[PATCH] RDMA/bng_re: return a timeout when firmware responses stall
From: Pengpeng Hou
Date: Wed Jun 24 2026 - 20:38:02 EST
__wait_for_resp() documents that it returns a non-zero error when a
firmware command does not complete, and bng_re_rcfw_send_message() already
marks the firmware as stalled when the helper returns -ENODEV.
However, the helper ignores wait_event_timeout() expiry. If the response
slot remains in use after the timeout and after the polled CREQ service
attempt, the loop starts another full timeout period and can repeat
forever.
Return -ENODEV after a timed out wait that still has no response.
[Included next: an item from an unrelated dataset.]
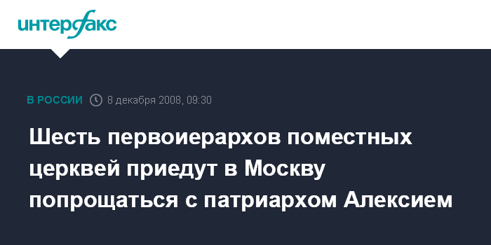 Москва. 8 декабря. INTERFAX.RU - На похороны патриарха Московского и всея Руси Алексия II прибудут шесть предстоятелей поместных православных церквей, сообщили порталу "Интерфакс-Религия" в Отделе внешних церковных связей Московского патриархата.

The
existing caller then marks FIRMWARE_STALL_DETECTED and returns
-ETIMEDOUT to the command issuer.
Signed-off-by: Pengpeng Hou <pengpeng@xxxxxxxxxxx>
---
drivers/infiniband/hw/bng_re/bng_fw.c | 10 +++++++---
1 file changed, 7 insertions(+), 3 deletions(-)
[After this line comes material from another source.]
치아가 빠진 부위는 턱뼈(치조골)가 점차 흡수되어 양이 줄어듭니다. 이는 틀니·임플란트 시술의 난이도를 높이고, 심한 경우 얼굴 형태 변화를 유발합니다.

diff --git a/drivers/infiniband/hw/bng_re/bng_fw.c b/drivers/infiniband/hw/bng_re/bng_fw.c
index 50156c300..ab6a2d2e9 100644
--- a/drivers/infiniband/hw/bng_re/bng_fw.c
+++ b/drivers/infiniband/hw/bng_re/bng_fw.c
@@ -401,14 +401,15 @@ static int __wait_for_resp(struct bng_re_rcfw *rcfw, u16 cookie)
{
struct bng_re_cmdq_ctx *cmdq;
struct bng_re_crsqe *crsqe;
+ unsigned long time_left;
cmdq = &rcfw->cmdq;
crsqe = &rcfw->crsqe_tbl[cookie];
do {
- wait_event_timeout(cmdq->waitq,
- !crsqe->is_in_used,
- secs_to_jiffies(rcfw->max_timeout));
+ time_left = wait_event_timeout(cmdq->waitq,
+ !crsqe->is_in_used,
+ secs_to_jiffies(rcfw->max_timeout));
if (!crsqe->is_in_used)
return 0;
@@ -417,6 +418,9 @@ static int __wait_for_resp(struct bng_re_rcfw *rcfw, u16 cookie)
if (!crsqe->is_in_used)
return 0;
+
+ if (!time_left)
+ return -ENODEV;
} while (true);
};
--
2.50.1 (Apple Git-155)